Valisure has since petitioned the FDA for a metformin recall and requested that the agency investigate how NDMA came to contaminate the medications.
“Valisure’s results will be of significant concern to medical practitioners who already struggle to prescribe safe medications and who rely on external government and private sector oversight to ensure contaminant-free drugs,” the petition states. “Due to the discovery of significant levels of NDMA contamination, Valisure’s pharmacy will not sell the affected batches of metformin it has acquired and Valisure cannot obtain a refund for these tainted products because they have not been recalled.”
Last Fall, Valisure petitioned the FDA to recall Zantac and generic ranitidine products after an earlier tests also found that the popular heart burn drugs were contaminated with NDMA. The chemical was apparently detected in every sample tested and often at levels that far exceeded the FDA’s daily limits. Valisure also suggested the instability of the ranitidine molecule could result in the production of NDMA once Zantac is subject to conditions created by human digestion.
Last month, Emery Pharma filed a second Zantac recall petition, after its testing suggested ranitidine could produce NDMA when subjected to high temperatures typically encountered during storage and shipment.
The FDA is still investigating contaminated ranitidine and has not ordered an across-the-board Zantac recall.
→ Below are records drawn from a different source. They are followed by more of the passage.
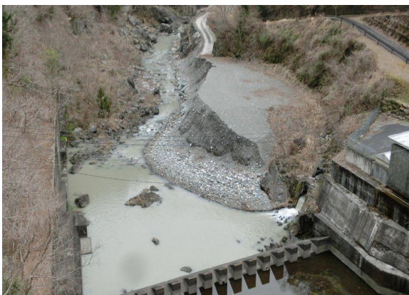
写真-2 河川内置土（ダム直下）

また、相手側への堆砂土引き渡し必要な堆砂土の受入場所について、ダム管理者にて確保する場合は、借地費用と管理費用が必要となるが、公募により堆砂土の有効活用を希望する者（堆砂土引取希望者）が堆砂土の受入地を確保することで、借地と土地の適切な管理に要するダム管理者の負担を軽減することとした。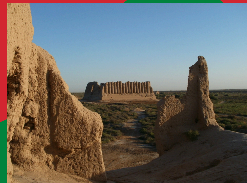
Merw, Kyz Kala, VI-VIII w.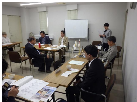
会報発行担当：川戸広樹

来月の予定といたしましては、まずは先述したラフマニノフの博物館でのコンサートを月末に控えております。そこでは今月の課題であったベートーヴェンのソナタとラフマニノフの作品を演奏する予定です。また、その直後、6 月初めにはルツェルンの歴史あるコンサートホール、KKL でのコンチェルトのコンサートが続きます。これは、大学の試験ではありますが、普通のコンサートとしても行われます。二つとも演奏家としてきわめて貴重な機会なので、精一杯準備して臨みたいと思います。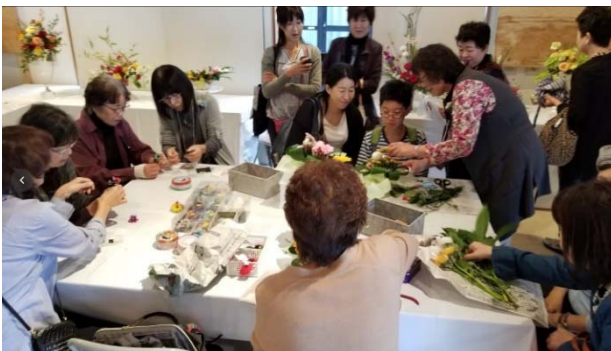
みんなのガーデンハウス（屋内）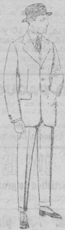
Trajes de cheviot, mel-ton, vicuña o jerga, de ptas. 47 a 190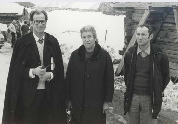
Jeune prêtre, avec ses parents.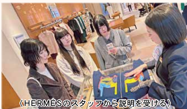
《HERMÈSのスタッフから説明を受ける》

続いて「Rakuten Fashion Week TOKYO 2026」の「ANTHEM A」のショーを見学。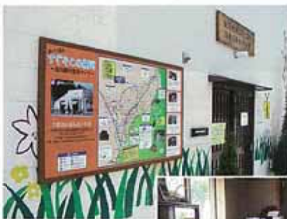
みどりの郷 観光案内所

細河みどりの郷案内所（細河地域コミュニティ推進協議会事務所）内部の改修を行いました。建物内は全てバリアフリー、事務室は合理的に作業が出来るようワンフロアーにし、関係先との打ち合わせ、来客対応、部内会議等も充分なスペースを設けました。又隣室の地産物展示販売室も展示棚を統一し、中央部は来客の休憩スペースを設け機能的又美観的に充実致しました。皆様是非お立ち寄り下さい。お待ちしております。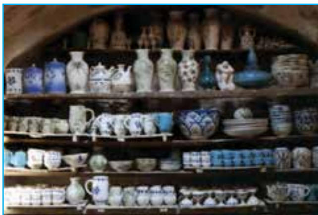
شکل ۱۴-۳- سفالگری در زنوز

صنایع دستی برجسته این استان شامل قالی‌بافی، ورنی‌بافی، گلیم‌بافی، سوزن‌دوزی، جاجیم‌بافی، تذهیب، هنرهای چوبی، سفالگری، نقاشی روی چرم، سبذبافی و... است. رونق صنعت زیبای فرش‌بافی در این استان به حدی است که عمده‌ترین صادرات غیرنفتی استان را به خود اختصاص داده است. فرش این استان معمولاً به کشورهای آلمان، فرانسه، ایتالیا و انگلیس صادر می‌شود.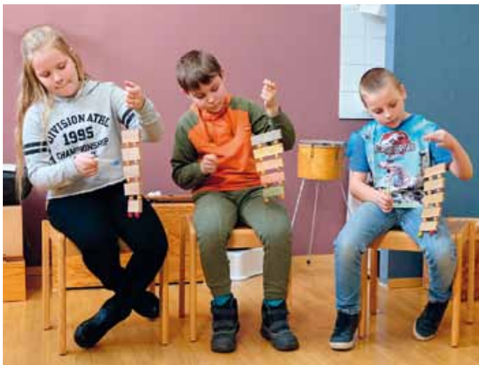
Kinderprojekt «Tamerlano – ein Ausflug in die Welt der Oper»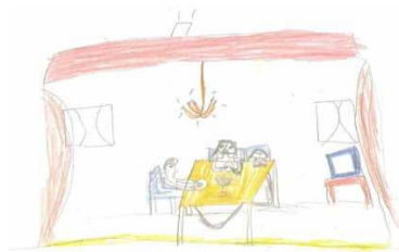
Şekil.4 'Ev'in içi [2]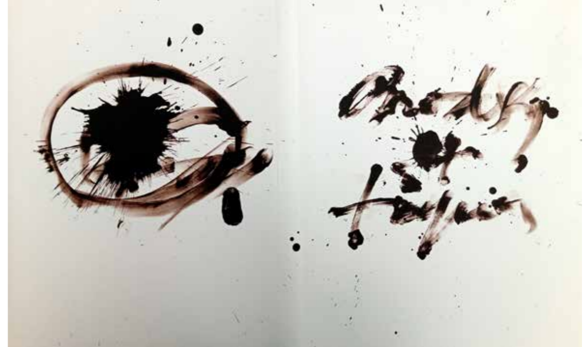
Brodsky en Tàpies Bladen uit Römische Elegien (1993) Collectie Van Abbemuseum

Wat was in je werk je grootste uitdaging?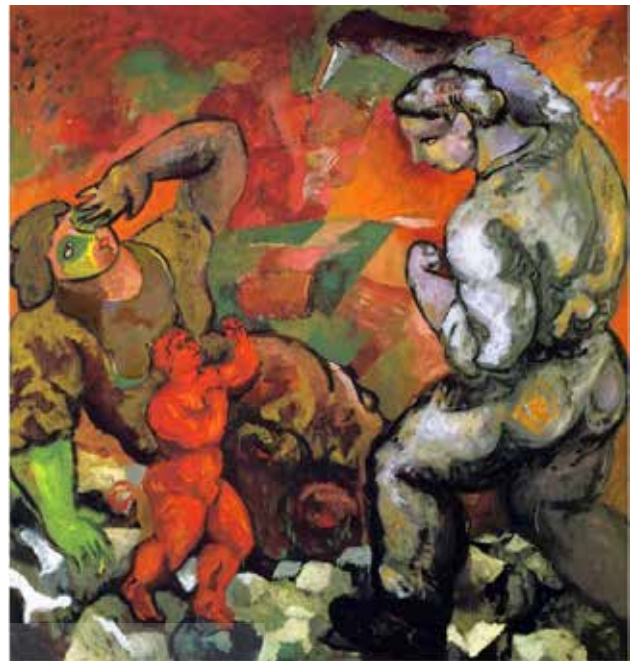
تصویر ۲. ساندرو کیا، دشمنی خانواده، ۱۹۸۴، رنگ روغن روی بوم. مأخذ: بونیتو اولیوا، ۱۳۹۱.

تصویر به صحنه تئاتر نزدیک‌شده تقابل دو نیروی مثبت و منفی هم در درون آدمی تجلی‌یافته و هم در صحنه روایتی و نمود بیرونی و محیط پیرامون متجلی شده است. وجود کمی نور و روشنایی بر پیکره تیره مرد می‌تواند مدلول پاکی روح و نهاد انسانی باشد که باید آن را در وجود خود جستجو کرد، تقابل انسانی نیروی مثبت و منفی، در کل تصویر بین پیکره‌های در حال درگیری و در وجود خود اشخاص، تقابل اصلی تصویر است و می‌تواند به مفهوم فرهنگ و تمدن حاکم بر جامعه امروز بشری باشد که هم با خود درگیر و هم با دیگران در تقابل و درگیری بوده و آرامش زندگی را از خود و حتی سازندگان نسل آینده می‌گیرند، از هم پاشیده‌شدن کانون خانواده‌ها و رنج و مشکلات کودکان و تخریب روحیه آنان مسائل پیچیده و مشکلات بسیاری را بر جهان امروز تحمیل کرده که عواقب خطرناکی را نیز در آینده به دنبال خواهد داشت و جامعه جهانی را نیز مضطرب ساخته است و جنایت و پرخاشگری‌های جوانان را به دنبال خواهد داشت. نابودی ارزش‌ها، باورهای فرهنگی و رفتارهای اجتماعی در نظام خانواده اختلال ایجاد کرده نابسامانی، آشفتگی، بی‌توجهی به یکدیگر، برخورد و درگیری، رفتار ناشایست و خشونت

However, various drug makers have opted to pull their prescription and over-the-counter ranitidine products from the market. Generic and name-brand versions of Zantac have also been removed from store shelves at Walmart, Walgreens, Rite-Aid and CVS.
In 2018, the discovery of NDMA in generic angiotensin II receptor blockers (ARBs) led drug makers around the world to recall valsartan, losartan, and irbesartan-containing heart and blood pressure medications.